Segment Start: Extracted entries

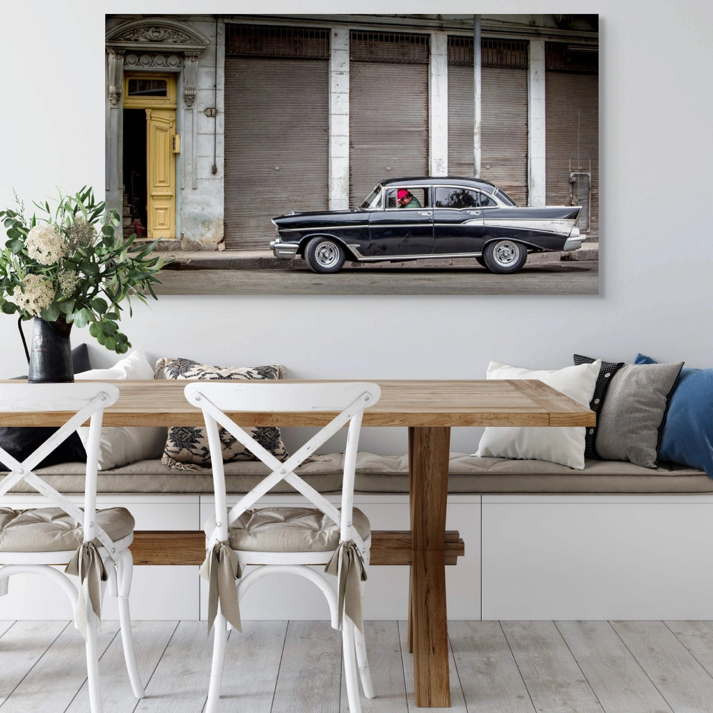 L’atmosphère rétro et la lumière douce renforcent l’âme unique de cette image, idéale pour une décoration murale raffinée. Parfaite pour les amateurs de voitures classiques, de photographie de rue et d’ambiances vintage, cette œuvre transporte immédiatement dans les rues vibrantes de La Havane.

Segment End: Extracted entries
Segment Start: Extracted entries

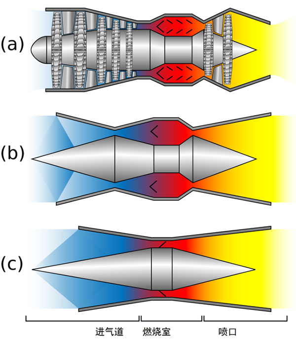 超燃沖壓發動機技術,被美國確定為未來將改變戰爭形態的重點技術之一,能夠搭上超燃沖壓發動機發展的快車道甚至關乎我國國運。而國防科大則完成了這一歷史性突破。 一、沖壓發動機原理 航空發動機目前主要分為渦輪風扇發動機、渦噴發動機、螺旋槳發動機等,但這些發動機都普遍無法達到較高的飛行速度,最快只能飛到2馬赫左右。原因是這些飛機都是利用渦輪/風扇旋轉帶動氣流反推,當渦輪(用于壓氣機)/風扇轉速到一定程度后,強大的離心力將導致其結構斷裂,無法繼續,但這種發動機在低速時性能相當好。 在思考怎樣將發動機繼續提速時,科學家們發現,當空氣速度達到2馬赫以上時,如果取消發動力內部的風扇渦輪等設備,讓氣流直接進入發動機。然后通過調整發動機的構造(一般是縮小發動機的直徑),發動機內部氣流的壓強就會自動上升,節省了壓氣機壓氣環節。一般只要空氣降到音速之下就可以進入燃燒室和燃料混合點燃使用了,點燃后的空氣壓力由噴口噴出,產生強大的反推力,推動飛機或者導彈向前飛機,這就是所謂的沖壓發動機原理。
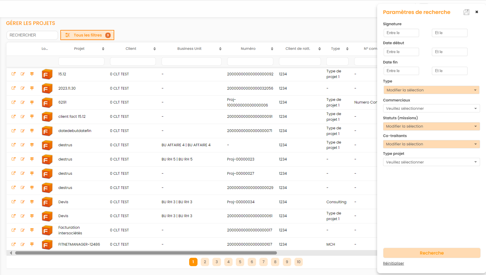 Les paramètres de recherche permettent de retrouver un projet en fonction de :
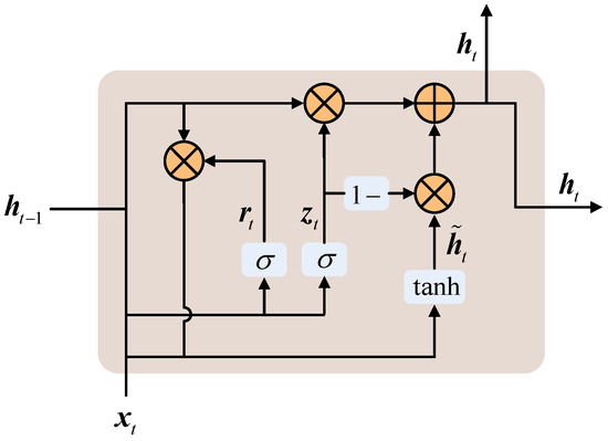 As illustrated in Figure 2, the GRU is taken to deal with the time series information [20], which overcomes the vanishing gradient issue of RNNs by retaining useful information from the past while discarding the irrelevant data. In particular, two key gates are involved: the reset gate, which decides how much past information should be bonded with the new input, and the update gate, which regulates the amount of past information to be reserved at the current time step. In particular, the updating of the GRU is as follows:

Segment End: Extracted entries
Segment Start: Extracted entries

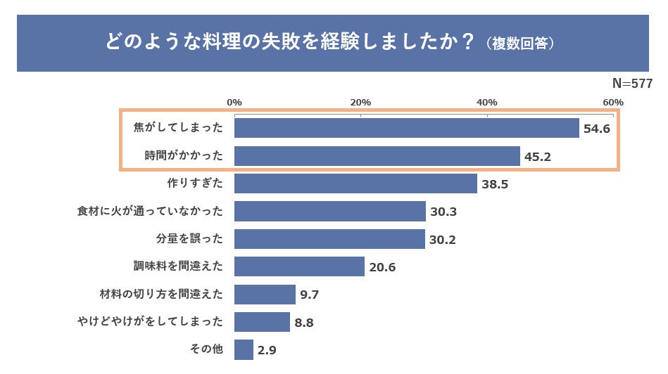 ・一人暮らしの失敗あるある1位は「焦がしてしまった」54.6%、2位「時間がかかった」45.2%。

Segment End: Extracted entries

Please print the lines above word for word, starting at the one with "Les paramètres de" and ending at the one with "As illustrated in", both included, and without any picture.

 Les paramètres de recherche permettent de retrouver un projet en fonction de :
 As illustrated in Figure 2, the GRU is taken to deal with the time series information [20], which overcomes the vanishing gradient issue of RNNs by retaining useful information from the past while discarding the irrelevant data. In particular, two key gates are involved: the reset gate, which decides how much past information should be bonded with the new input, and the update gate, which regulates the amount of past information to be reserved at the current time step. In particular, the updating of the GRU is as follows:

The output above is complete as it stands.